Active membrane proteins are synthesized within 48 hours, directly usable for binding assays, structural studies, or downstream applications, without requiring detergent purification or reconstitution.
How have scientists used eProtein Discovery™ to study membrane protein biology?
The power of our system is already being demonstrated in cutting-edge research. For instance, Nuclera scientists using eProtein Discovery™ recently explored the expression and functional analysis of the human β2-adrenergic receptor, a prototypical GPCR and a critical target for cardiovascular and respiratory diseases. With our system, they were able to generate receptor-loaded nanodiscs rapidly and evaluate ligand binding in the same experiment—providing real-time insights into receptor-ligand interactions.

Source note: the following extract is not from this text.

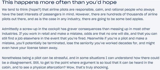 质疑飞行员安全意识淡薄。Onemileatatime称,机组人员纠纷事件发生率较高,驾驶舱内出现失误所导致的后果会比大多数其他行业更加严重。鉴于飞行员工作压力较大,在某些情况下,我们可以理解机组人员发生争执的情况,但在此次事件中,飞行员不顾飞行安全,争执如此激烈,乘客可以在机舱内清楚看见双方争吵互殴的画面,令人十分震惊。
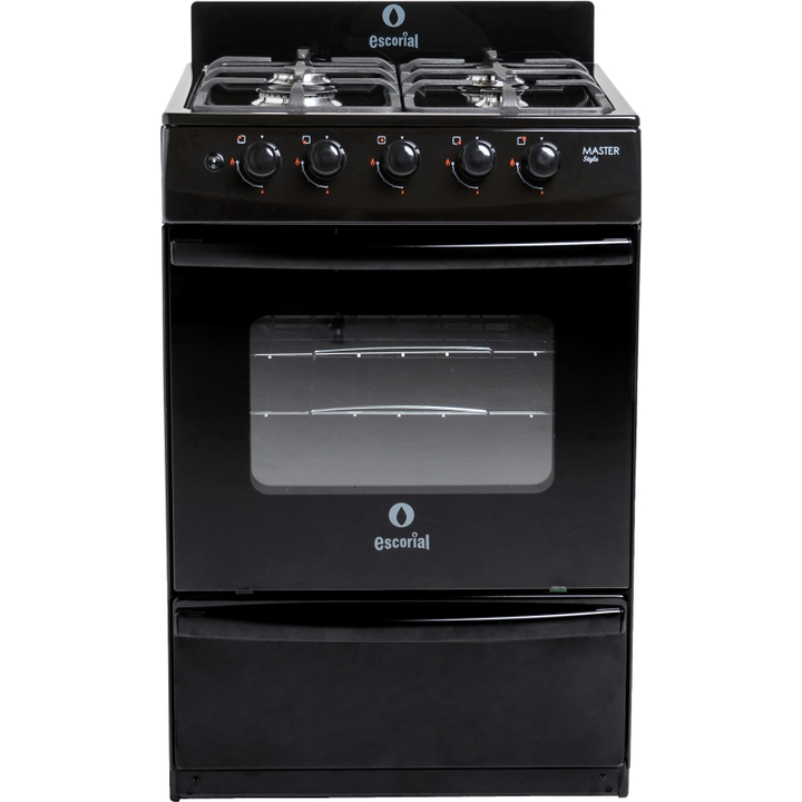 -Cocina-Bigas-Master-Style-Negra-56Cm-Escorial---Cocina-Multigas---Encendido-Electronico-De-Una-Mano---Reja-De-Fundicion---Respaldo-De-Vidrio-Nuevo-Y-Renovado-Diseno---Luz-En-Horno---Doble-Parrilla-Extraible-Valvula-De-Seguridad-En-Hornallas-Y-Hornos---Puerta-De-Horno-Con-Doble-Vidrio---Quemadores-D...

Another case involves Nuclera researchers investigating multidrug resistance proteins—key players in chemotherapy resistance. These membrane-bound transporters were expressed and functionally validated using our system , helping identify small molecules that modulate efflux activity. Such findings could pave the way for new strategies in overcoming drug resistance in cancer therapy.
Both examples illustrate how our membrane protein workflow enables high-throughput, hypothesis-driven experimentation that was previously out of reach.
The eProtein Discovery™ system co-translationally incorporates newly synthesized membrane proteins into tiny, discoidal lipid bilayers stabilized by scaffold proteins, mimicking the native environment and preserving membrane protein folding and functionality.
iStock, Love Employee
What excites you the most about the future of microfluidic-based membrane protein workflows?
What excites us most about the future is the scalability and accessibility that microfluidic-based systems like eProtein Discovery™ offer. Scientists no longer need to spend weeks troubleshooting expression systems or purifying proteins. Instead, they can shift focus to experimentation, iteration, and discovery.
Microfluidic technology is democratizing access to high-quality protein studies. By removing technical barriers and compressing timelines, these systems are empowering more labs—from academia to biotech—to interrogate membrane protein biology with unprecedented speed and precision.
Moreover, the flexibility of these systems makes them ideal for difficult-to-express proteins, rare variants, or structure-function screens that were previously cost- or labor-prohibitive.
- Overington JP, et al. How many drug targets are there? Nat Rev Drug Discov. 2006;5(12):993-6.